Jika menyitir dari kronologis perintangan dan intimidasi itu, harusnya Pemko Medan lah yang memberikan ruang dan waktu untuk para jurnalis. Karena masyarakat membutuhkan informasi tersebut. Apalagi yang berkaitan dengan kebijakan publik.

“Kesalahan Pemko di sini, segeralah menyediakan informasi-informasi di satu titik, baik itu informasi-informasi berkala, harus tersedialah setiap saat,” ujarnya.

Kata Desi, Pemko Medan sudah semestinya bersinergi dengan para jurnalis. Sehingga arus informasi itu tidak macet.

“Sudah saatnya pemerintah ini merangkul wartawan agar hoaks itu tak berkeliaran dan kemudian informasi tidak simpang siur.  Jangan lagi menghalangi kerja-kerja jurnalis karena mereka dilindungi undang-undang dan mari kita bersama-sama membangun komunikasi agar informasi itu benar-benar valid dan bisa kita konsumsi bersama-sama di masyarakat,” ujarnya.

Baca Juga :  Tinjau SMPN 20 yang Terbakar, Bobby Nasution Tak Ingin Belajar Terganggu: Dinas Perkim Cikataru Segera Perbaiki!

Sebelumnya, dugaan perintangan dan intimidasi ini terjadi saat dua jurnalis Rechtin Hani Ritonga (Harian Tribun Medan) dan Ilham Pradilla (Suara Pakar) hendak melakukan wawancara cegat (doorstop) kepada Bobby di Pemko Medan, Rabu (14/4/2021) sore. Mereka menunggu Bobby di depan pintu masuk lobby depan.

Selang beberapa saat, mereka didatangi oleh Satpol PP yang mengatakan mereka tidak boleh mewawancarai Bobby. Satpol PP itu mengatakan, untuk melakukan wawancara harus memilik izin. Hani dan Ilham tetap menunggu Bobby.
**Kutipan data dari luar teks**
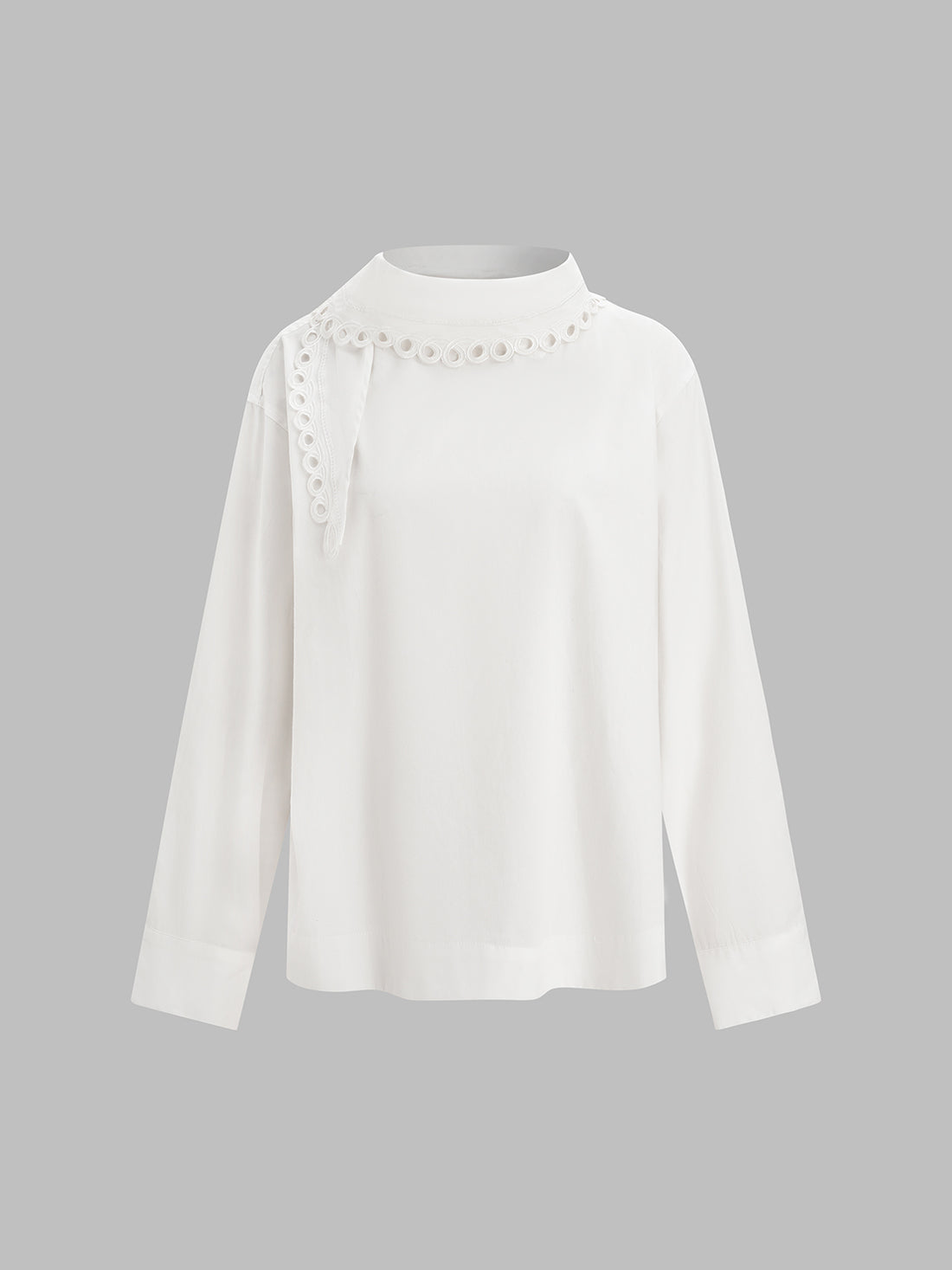 A whisper of lace at the collar, light as conversation over tea. This blouse softens...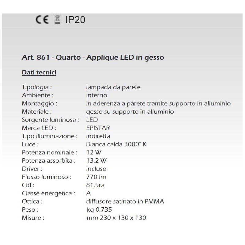 - Tipologia prodotto: Applique da parete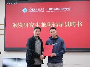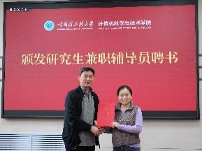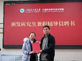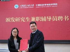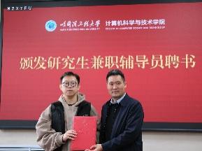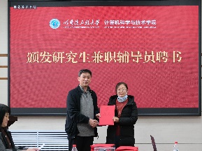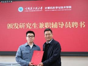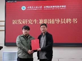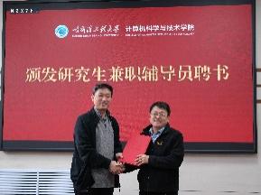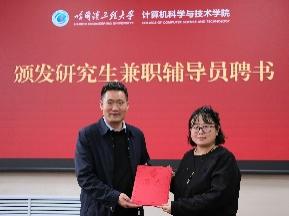 刘冬书记和蔡成涛院长向研究生兼职辅导员颁发聘书。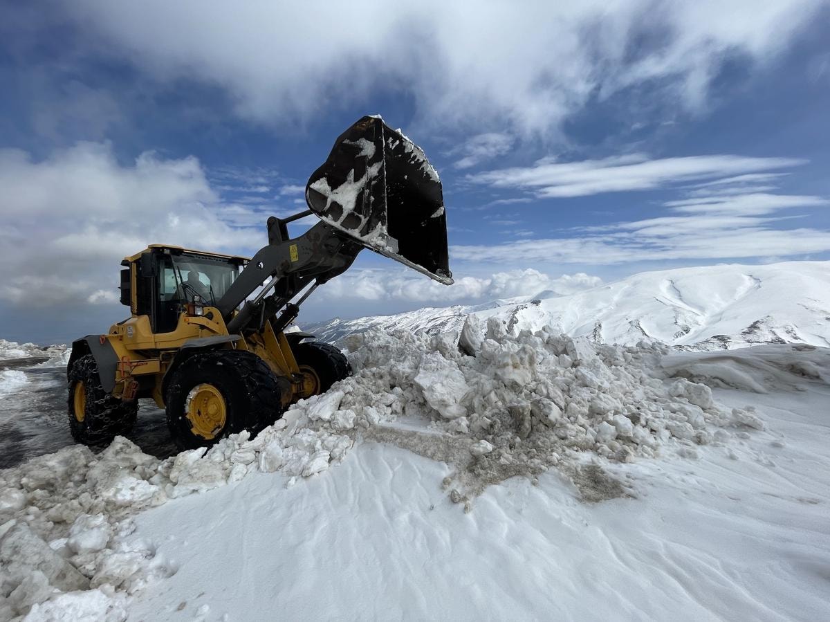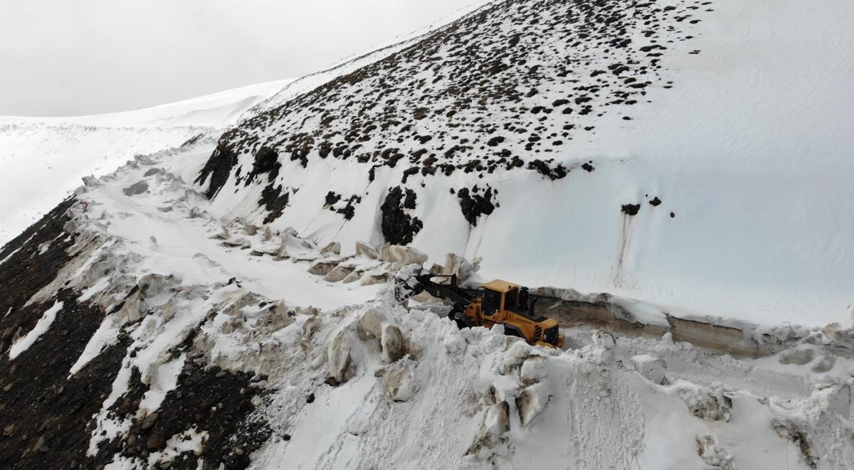 Vatandaşların alternatif olarak kullandığı 22 kilometrelik yolu ulaşıma açmak için 5 metre yüksekliğindeki kar kütlelerini yoldan kaldırmaya çalışan ekipler, Ramazan ayında zorlu bir çalışma yürütüyor.

Sekitar pukul 17.00 WIB, Hani dan Ilham mendekat ke pintu lobi. Karena mereka melihat ada tanda-tanda Bobby akan turun. Petugas pengamanan dari kepolisian dan Paspampres kemudian mengusir mereka. Petugas pengamanan kembali mengatakan soal izin wawancara, bukan di dalam jam kerja, dan mengganggu kenyamanan dan ketertiban.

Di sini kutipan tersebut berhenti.